(Records from a dataset)
────────
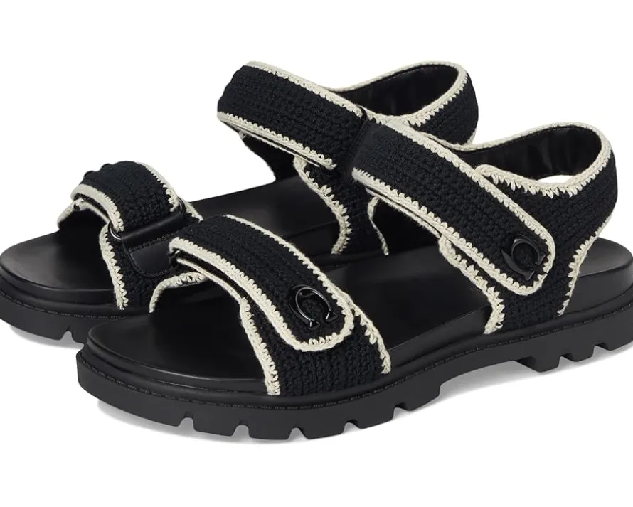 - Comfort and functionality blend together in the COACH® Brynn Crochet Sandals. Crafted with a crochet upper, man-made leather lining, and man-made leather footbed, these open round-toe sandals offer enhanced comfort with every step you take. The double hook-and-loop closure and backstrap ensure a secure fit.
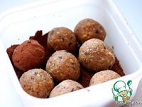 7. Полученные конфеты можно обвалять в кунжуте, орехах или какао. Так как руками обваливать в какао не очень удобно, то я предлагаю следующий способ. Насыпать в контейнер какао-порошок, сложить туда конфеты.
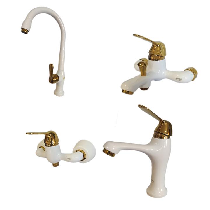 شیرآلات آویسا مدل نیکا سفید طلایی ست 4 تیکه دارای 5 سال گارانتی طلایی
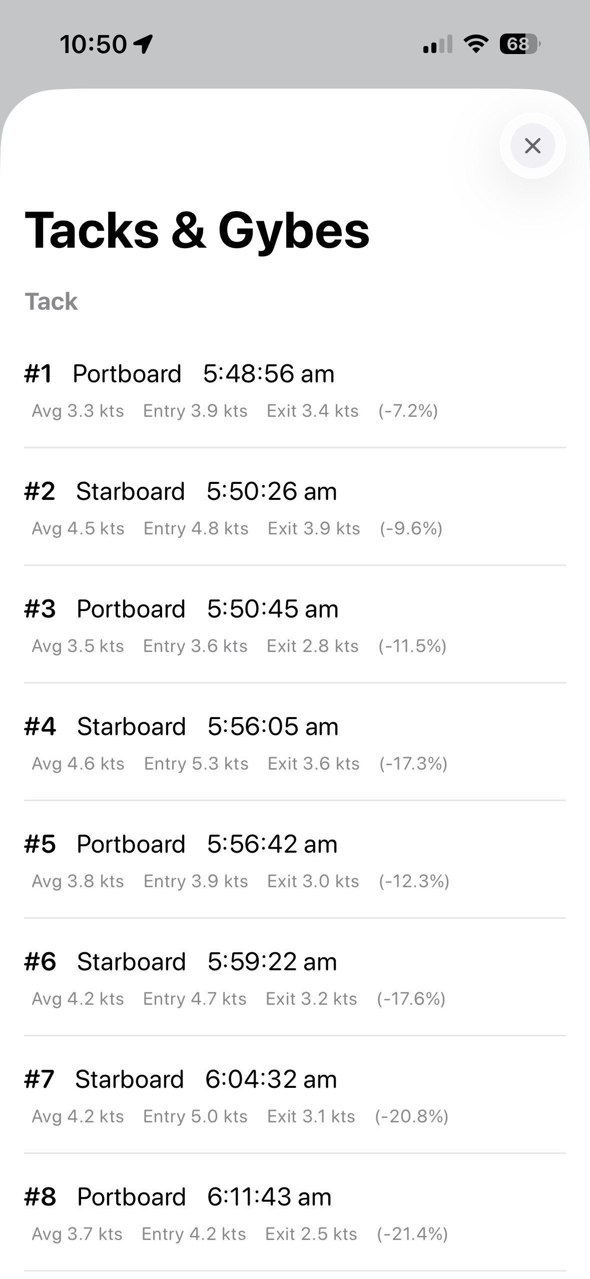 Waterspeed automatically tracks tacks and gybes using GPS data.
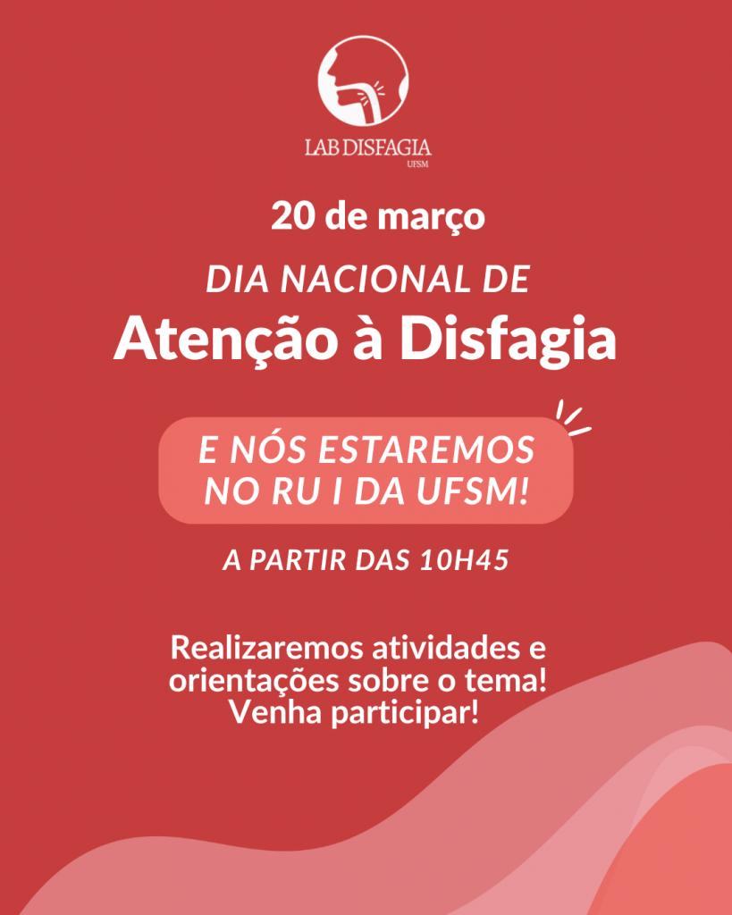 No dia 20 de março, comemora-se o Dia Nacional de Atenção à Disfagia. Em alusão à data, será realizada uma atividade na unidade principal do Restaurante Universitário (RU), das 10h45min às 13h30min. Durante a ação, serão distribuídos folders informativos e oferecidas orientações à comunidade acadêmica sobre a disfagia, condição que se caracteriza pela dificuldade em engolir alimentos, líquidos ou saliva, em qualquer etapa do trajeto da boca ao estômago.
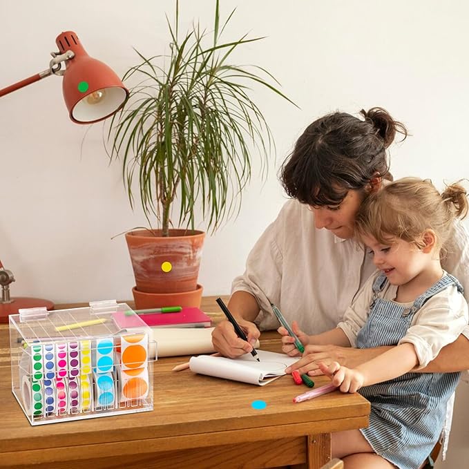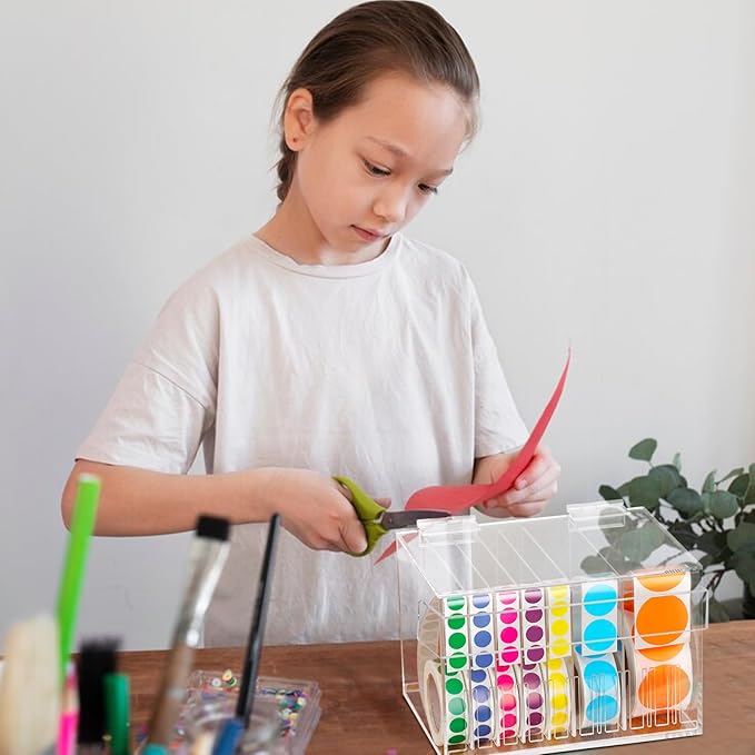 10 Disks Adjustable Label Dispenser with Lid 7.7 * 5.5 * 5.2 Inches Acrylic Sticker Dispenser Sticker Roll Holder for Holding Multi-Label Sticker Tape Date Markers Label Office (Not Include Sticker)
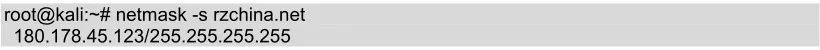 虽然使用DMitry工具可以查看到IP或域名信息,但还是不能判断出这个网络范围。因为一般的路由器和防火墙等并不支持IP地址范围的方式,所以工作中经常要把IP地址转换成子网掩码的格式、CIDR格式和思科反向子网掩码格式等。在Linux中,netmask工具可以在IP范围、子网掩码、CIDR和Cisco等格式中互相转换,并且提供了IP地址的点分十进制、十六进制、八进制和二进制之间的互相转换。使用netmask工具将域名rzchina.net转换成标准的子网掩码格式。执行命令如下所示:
────────
= Requirement =
Instructions for the copy: start at the first entry, stop after the line containing "Waterspeed automatically tracks", keep every line exact, and drop the pictures.

= Answer to this problem =
 - Comfort and functionality blend together in the COACH® Brynn Crochet Sandals. Crafted with a crochet upper, man-made leather lining, and man-made leather footbed, these open round-toe sandals offer enhanced comfort with every step you take. The double hook-and-loop closure and backstrap ensure a secure fit.
 7. Полученные конфеты можно обвалять в кунжуте, орехах или какао. Так как руками обваливать в какао не очень удобно, то я предлагаю следующий способ. Насыпать в контейнер какао-порошок, сложить туда конфеты.
 شیرآلات آویسا مدل نیکا سفید طلایی ست 4 تیکه دارای 5 سال گارانتی طلایی
 Waterspeed automatically tracks tacks and gybes using GPS data.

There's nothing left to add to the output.